Katherine Kiernan Maria Mulgrew (born April 29, 1955) is an American actress and author. She is best known for her roles as Captain Kathryn Janeway on Star Trek: Voyager and Red on Orange Is the New Black. She first came to attention in the role of Mary Ryan on the daytime soap opera Ryan's Hope. Mulgrew is the recipient of a Critics' Choice Award, a Saturn Award, and an Obie Award, and has also received Golden Globe Award and Primetime Emmy Award nominations. She is an active member of the Alzheimer's Association National Advisory Council and the voice of Cleveland's MetroHealth System. Beginning in 2021, Mulgrew reprised her role as Janeway in the animated series Star Trek: Prodigy.

Early life
Mulgrew was born in 1955 in Dubuque, Iowa, to Thomas James "T.J." Mulgrew Jr., a contractor, and Joan Virginia Mulgrew (née Kiernan), an artist and painter.

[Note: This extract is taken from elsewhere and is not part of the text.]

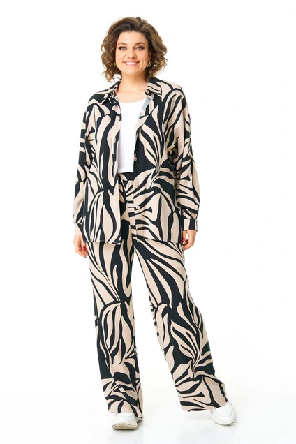 Комплект женский состоит из блузы, брюк и топа. Блуза свободного покроя со спущенной линией плеча. Центральная бортовая застёжка с планкой на петли-пуговицы Рукав втачной одношовный. Низ рукава с манжетой и складками. Спинка с кокеткой и встречной складкой. Воротник на отрезной стойке блузочного типа. Топ свободного покроя. Горловина округлой формы. Проймы и горловина окантованы. Брюки свободные прямого силуэта. Пояс притачной на резинке, регулируется шнуром с наконечниками. В боковых швах карманы.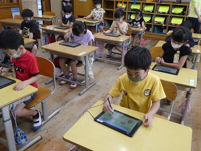 入学して約2ヶ月たち、1年生も学校生活に慣れてきました。そこで、タブレット学習を始めることにしました。電源の入れ方から、タッチの練習、終了の仕方を教えてもらい、とても楽しそうでした。

She was the second of eight children. She attended Wahlert High School in Dubuque. Mulgrew was born with a full set of teeth.

At age 17, Mulgrew was accepted at the Stella Adler Conservatory of Acting in New York, conjoined with New York University in New York City. Mulgrew left NYU after one year. During this time, to earn money while in New York, Mulgrew worked as a waitress.

Career

Earlier career (1975–1994) 
Mulgrew's early career included portraying Mary Ryan for two years on the ABC soap Ryan's Hope (1975). She became a fan favorite and remained associated with the show long after its cancellation. Mulgrew remained friends with former co-star Ilene Kristen and presented a special Soap Opera Digest Award to Ryan's Hope creator Claire Labine in 1995. While in Ryan's Hope, she also played the role of Emily Webb in the American Shakespeare Theater production of Our Town in Stratford, Connecticut. Mulgrew played ambitious country singer Garnet McGee in a November 1978 episode of Dallas. In 1979-80, she played Kate Columbo in Mrs. Columbo, a spin-off of the detective series Columbo, created specifically for her, which lasted 13 episodes.

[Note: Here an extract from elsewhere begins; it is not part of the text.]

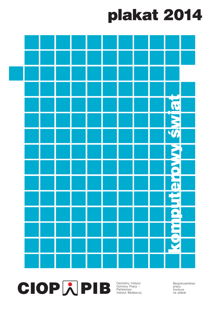 komputerowy świat plakat 2014 Centralny Instytut Ochrony Pracy – Państwowy Instytut Badawczy Bezpieczeństwo pracy Konkurs na plakat komputerowy świat Dziś chyba nikt z młodych ludzi nie wyobraża sobie życia bez telefonu komórkowego, smartfona, tabletu czy komputera. Komputeryzacja i informatyzacja, a więc korzystanie ze wszelkich elektronicznych udogodnień życia codziennego, objęły praktycznie wszystkie obszary ludzkich działań – zarządzanie przedsiębiorstwami, naukę, medycynę, szkolnictwo, bankowość, przemysł itp. Równolegle z intensywnym rozwojem komputeryzacji i informatyki wzrosła liczba osób wykorzystujących komputery w pracy, a przez to również narażonych na uciążliwości związane z pracą na stanowiskach komputerowych. Komputery, mimo że usprawniają pracę, coraz częściej przyczyniają się też do powstawania zagrożeń dla zdrowia i bezpieczeństwa pracowników. Niewłaściwa organizacja stanowisk komputerowych i spędzanie zbyt dużej ilości czasu przy komputerze skutkuje obciążeniem organizmu pozycją siedzącą, monotypią (czyli powtarzalnością pracy), czy też przeciążeniem wzroku. Przesadne użytkowanie Internetu określa się jako nałóg siecioholizmu. Skutki uzależnienia od komputera mogą mieć charakter: – fizyczny (m.in. bóle kręgosłupa, mięśni karku i nadgarstka, zmęczenie oczu, bóle głowy), – psychologiczny (m.in. rozdrażnienie, spadek sprawności psychofizycznej, problemy z koncentracją), – intelektualny (m.in. spadek koncentracji uwagi, niezdolność do racjonalnej selekcji informacji napotkanych w sieci, tzw. szok informacyjny), – społeczny (m.in. zaniedbanie obowiązków służbowych, brak kontaktu z otoczeniem). Nadużywanie komputera i Internetu stanowi szczególne zagrożenie dla dzieci i młodzieży – przyszłych uczestników rynku pracy. Wzrasta liczba uczniów z wadami postawy, skrzywieniem kręgosłupa, poważnymi wadami wzroku, uzależnieniem od komputera, który zastępuje często inne formy spędzania czasu wolnego, również te aktywne, niezbędne do prawidłowego rozwoju psychofizycznego dzieci. Komputeryzacja niesie ze sobą również stopniowe wypieranie z rynku pracowników niewykwalifikowanych, zmieniając na zawsze strukturę zatrudnienia, powodując alienację i frustrację pewnej części społeczeństwa. Świadomość zagrożeń związanych z wykorzystywaniem urządzeń i mediów elektronicznych jest niezbędna dla unikania tych zagrożeń i racjonalizacji swoich działań. komputerowy świat Patronat Minister Pracy i Polityki Społecznej Główny Inspektor Pracy Organizatorzy Centralny Instytut Ochrony Pracy – Państwowy Instytut Badawczy w Warszawie Wydział Form Przemysłowych Akademii Sztuk Pięknych w Krakowie Wydział Form Przemysłowych Akademii Sztuk Pięknych w Łodzi Wydział Wzornictwa Przemysłowego Akademii Sztuk Pięknych w Warszawie Temat Komputerowy świat Cel Uzyskanie oryginalnych projektów plakatów, które będą promowały problematykę bezpieczeństwa i ochrony zdrowia człowieka w środowisku pracy. Uczestnicy W konkursie mogą wziąć udział artyści plastycy, absolwenci i studenci uczelni i wydziałów plastycznych w kraju i za granicą. Dane techniczne Format plakatu: B2 – 70 × 50 cm w układzie pionowym. Plakat powinien mieć sztywne podłoże. Z tyłu plakatu, w prawym górnym rogu, należy umieścić w trwały sposób godło identyfikacyjne, składające się z sześciu różnych cyfr. Do każdego plakatu należy dołączyć trwale, np. nakleić z tyłu plakatu, oznakowaną tym samym godłem kopertę zawierającą pisemne oświadczenie (w załączeniu, opublikowane również na stronie internetowej www.ciop.pl/konkurs_na_plakat) oraz płytę CD lub DVD oznakowaną godłem (jeżeli plakat jest utrwalony także w wersji elektronicznej). Termin Plakaty z dopiskiem „Konkurs na plakat” należy doręczyć Organizatorowi pocztą, kurierem lub osobiście w terminie do 23 czerwca 2014 r. Adres Centralny Instytut Ochrony Pracy – Państwowy Instytut Badawczy ul. Czerniakowska 16, 00−701 Warszawa Wystawa Organizator przewiduje zorganizowanie dwóch wystaw pokonkursowych i wydanie katalogu, w którym znajdzie się nie więcej niż 50 plakatów wybranych przez Komisję Konkursową, w tym plakaty nagrodzone i wyróżnione. Przewidywany termin otwarcia pierwszej wystawy pokonkursowej, połączonej z wręczeniem nagród laureatom – 23 października 2014 r. komputerowy świat Komisja konkursowa Tomasz BOGUSŁAWSKI – Akademia Sztuk Pięknych w Gdańsku Marzena FLIS – Komisja Krajowa NSZZ „Solidarność” prof. ADAM GEDLICZKA – Akademia Sztuk Pięknych w Krakowie Renata GÓRNA – Ogólnopolskie Porozumienie Związków Zawodowych Joanna KAMIŃSKA – Centralny Instytut Ochrony Pracy – Państwowy Instytut Badawczy Katarzyna KITAJEWSKA – Główny Inspektorat Sanitarny prof. dr hab. med. DANUTA KORADECKA – Centralny Instytut Ochrony Pracy – Państwowy Instytut Badawczy Paweł MOŃKA – GAZ SYSTEM S.A. Mieczysław PIRÓG – Akademia Sztuk Pięknych we Wrocławiu prof. Władysław PLUTA – Akademia Sztuk Pięknych w Krakowie Marek STAŃCZYK – Akademia Sztuk Pięknych w Warszawie przedstawiciel Ministerstwa Pracy i Polityki Społecznej przedstawiciel Państwowej Inspekcji Pracy Nagrody III nagroda – 5000 zł III nagroda – 3000 zł III nagroda – 2000 zł oraz 5 wyróżnień po 1000 zł. Komisja Konkursowa ma prawo innego podziału nagród. Plakaty nagrodzone i wyróżnione pozostają własnością Centralnego Instytutu Ochrony Pracy i mogą być wykorzystane na wszystkich polach eksploatacji, natomiast pozostałe zakwalifikowane do wystawy i katalogu pozostają własnością Instytutu jedynie w zakresie wykorzystania do wystaw i wydruku katalogu. Nadesłanie prac na konkurs jest równoznaczne z przyjęciem wszystkich warunków regulaminu. Regulamin konkursu jest dostępny na stronie internetowej Instytutu: www.ciop.pl / konkur

In 1981, Mulgrew co-starred with Richard Burton and Nicholas Clay in the Arthurian love triangle Lovespell as Irish princess Isolt, who casts a spell on Mark, King of Cornwall, and his surrogate son, Tristan. During that same year, she co-starred with Pierce Brosnan in the six-hour miniseries about Irish immigrants in 19th century America called Manions of America. In 1985, she appeared in Remo Williams: The Adventure Begins in the role of Major Fleming. In 1986, she appeared in a run of Cheers episodes as Janet Eldridge. In 1987, she appeared in Throw Momma from the Train as Margaret, Billy Crystal's character's ex-wife.

In 1992, Kate appeared on Murphy Brown as Hillary Wheaton, a Toronto-based anchorwoman brought in to replace Murphy Brown during her maternity leave, but who turned out to have the same problem with alcoholism as Brown had previously dealt with at the beginning of the series.
Also in 1992, she played a guest-starring role as a soap-opera star who kills her bodyguard/lover and tries to cover it up, on Murder, She Wrote, episode number 170, titled "Ever After". Around the same time, she guest-starred in three episodes of Batman: The Animated Series as the terrorist Red Claw.

Star Trek: Voyager (1994–2001)

In 1994, Mulgrew received a call to take the part of Captain Kathryn Janeway in Star Trek: Voyager. She had auditioned for the role (originally named "Elizabeth Janeway") when producers announced casting. She initially submitted a video-taped audition, which she made in New York City in August 1994. Unhappy with this audition, she auditioned in person a few weeks later. That day, film actress Geneviève Bujold was selected to play Janeway (suggesting "Nicole" as the character's new first name), but she left the role after two days of filming, realizing that the amount of work required for an episodic television show was too demanding for her. Mulgrew was offered the role, which she accepted, later suggesting "Kathryn" as the character's final first name.

Mulgrew made history in the Star Trek franchise when she became the first female captain as a series regular in a leading role. Voyager was the first show broadcast on the new UPN channel, the only series renewed after the channel's first programming season, and its only show to run for seven seasons. Mulgrew won the Saturn Award for "Best TV Actress" in 1998 for her performances as Janeway.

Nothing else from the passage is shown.